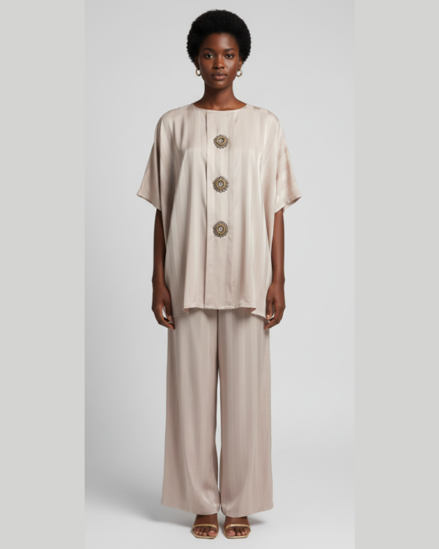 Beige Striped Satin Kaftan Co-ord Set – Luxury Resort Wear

□ □ □ □

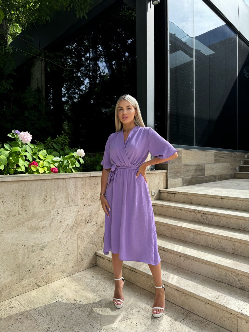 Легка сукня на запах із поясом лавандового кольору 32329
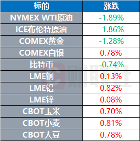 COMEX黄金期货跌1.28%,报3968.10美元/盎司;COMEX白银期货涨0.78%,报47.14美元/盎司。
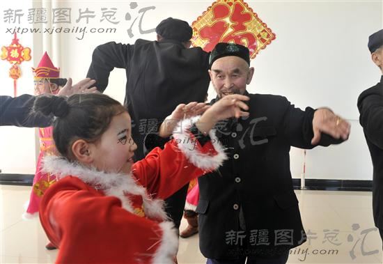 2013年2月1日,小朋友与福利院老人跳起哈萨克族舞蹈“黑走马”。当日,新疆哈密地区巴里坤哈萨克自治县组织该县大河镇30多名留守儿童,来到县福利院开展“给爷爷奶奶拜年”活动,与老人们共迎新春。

□ □ □ □

§ **TASK TO CARRY OUT**
Starting at the line with "Легка сукня на" and finishing at the line with "2013年2月1日,小朋友与", copy the material above exactly, both lines included. Nothing else goes in, and no pictures.

§ **EXERCISE RESULT**
 Легка сукня на запах із поясом лавандового кольору 32329
 COMEX黄金期货跌1.28%,报3968.10美元/盎司;COMEX白银期货涨0.78%,报47.14美元/盎司。
 2013年2月1日,小朋友与福利院老人跳起哈萨克族舞蹈“黑走马”。当日,新疆哈密地区巴里坤哈萨克自治县组织该县大河镇30多名留守儿童,来到县福利院开展“给爷爷奶奶拜年”活动,与老人们共迎新春。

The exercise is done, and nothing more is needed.